Problem description — For the entries below, repeat exactly each line starting with the one that contains "HUNTERS: Men and" and going on through the one that contains "Membahayakan Pengguna Jalan, Tiang", and no others.

Data under study —
>>>
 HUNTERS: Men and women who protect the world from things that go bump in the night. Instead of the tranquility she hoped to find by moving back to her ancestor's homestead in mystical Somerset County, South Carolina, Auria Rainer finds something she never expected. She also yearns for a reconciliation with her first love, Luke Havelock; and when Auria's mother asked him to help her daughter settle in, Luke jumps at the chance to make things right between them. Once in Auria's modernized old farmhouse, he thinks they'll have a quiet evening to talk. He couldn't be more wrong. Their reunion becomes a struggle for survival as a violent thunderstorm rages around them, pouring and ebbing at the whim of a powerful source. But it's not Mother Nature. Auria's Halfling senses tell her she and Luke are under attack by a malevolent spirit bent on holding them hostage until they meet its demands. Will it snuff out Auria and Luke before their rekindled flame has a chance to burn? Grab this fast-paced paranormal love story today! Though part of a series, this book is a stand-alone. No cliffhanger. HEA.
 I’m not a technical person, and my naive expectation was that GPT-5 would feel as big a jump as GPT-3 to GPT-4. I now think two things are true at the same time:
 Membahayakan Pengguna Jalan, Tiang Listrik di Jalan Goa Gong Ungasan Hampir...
<<<
>>>
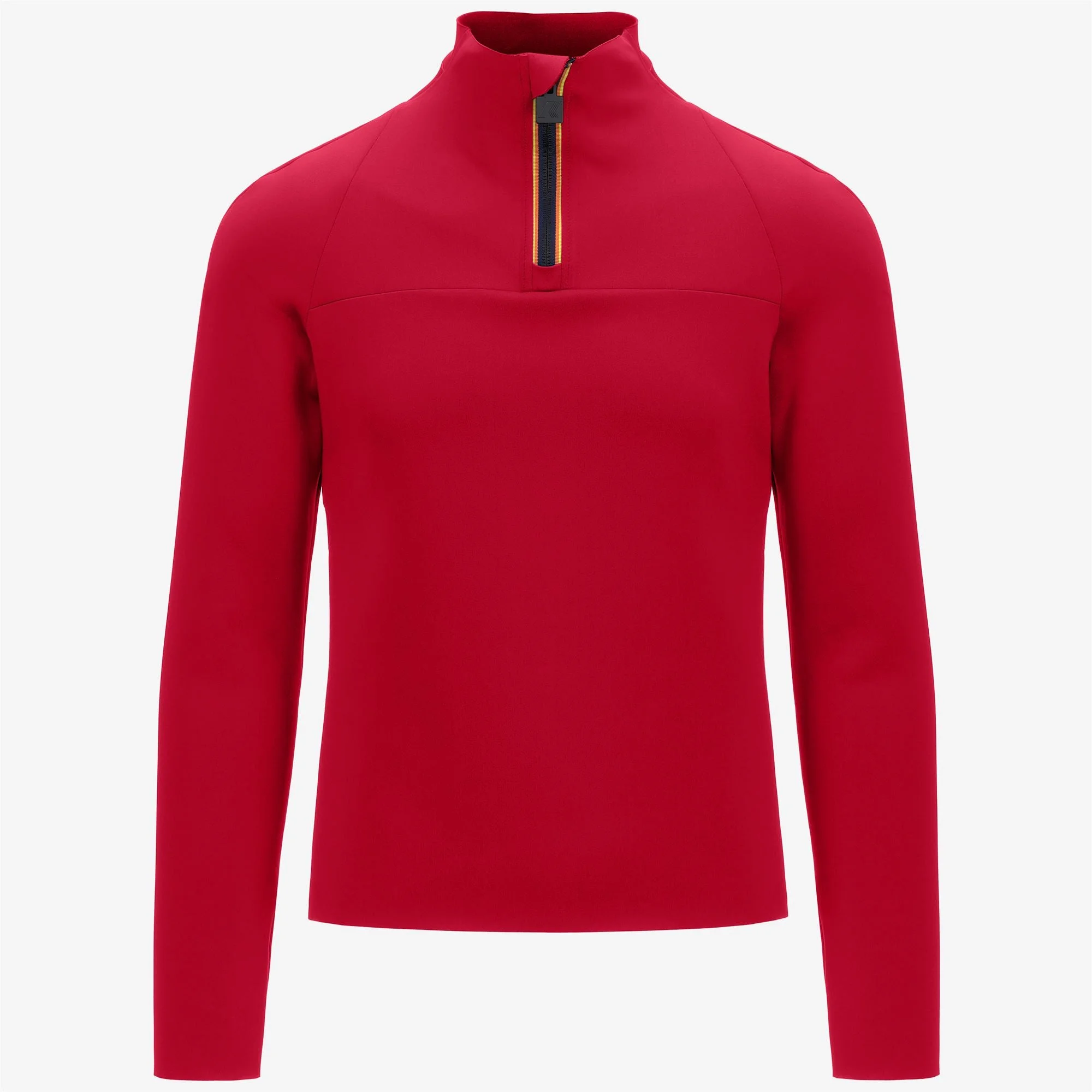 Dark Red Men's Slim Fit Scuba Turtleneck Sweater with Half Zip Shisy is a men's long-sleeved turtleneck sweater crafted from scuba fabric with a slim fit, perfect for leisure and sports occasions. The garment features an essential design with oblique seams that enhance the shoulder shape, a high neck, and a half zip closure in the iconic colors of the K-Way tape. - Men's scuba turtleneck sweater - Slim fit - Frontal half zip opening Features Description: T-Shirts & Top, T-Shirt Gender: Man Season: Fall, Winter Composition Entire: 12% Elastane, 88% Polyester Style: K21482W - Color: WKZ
<<<
Response box —
 HUNTERS: Men and women who protect the world from things that go bump in the night. Instead of the tranquility she hoped to find by moving back to her ancestor's homestead in mystical Somerset County, South Carolina, Auria Rainer finds something she never expected. She also yearns for a reconciliation with her first love, Luke Havelock; and when Auria's mother asked him to help her daughter settle in, Luke jumps at the chance to make things right between them. Once in Auria's modernized old farmhouse, he thinks they'll have a quiet evening to talk. He couldn't be more wrong. Their reunion becomes a struggle for survival as a violent thunderstorm rages around them, pouring and ebbing at the whim of a powerful source. But it's not Mother Nature. Auria's Halfling senses tell her she and Luke are under attack by a malevolent spirit bent on holding them hostage until they meet its demands. Will it snuff out Auria and Luke before their rekindled flame has a chance to burn? Grab this fast-paced paranormal love story today! Though part of a series, this book is a stand-alone. No cliffhanger. HEA.
 I’m not a technical person, and my naive expectation was that GPT-5 would feel as big a jump as GPT-3 to GPT-4. I now think two things are true at the same time:
 Membahayakan Pengguna Jalan, Tiang Listrik di Jalan Goa Gong Ungasan Hampir...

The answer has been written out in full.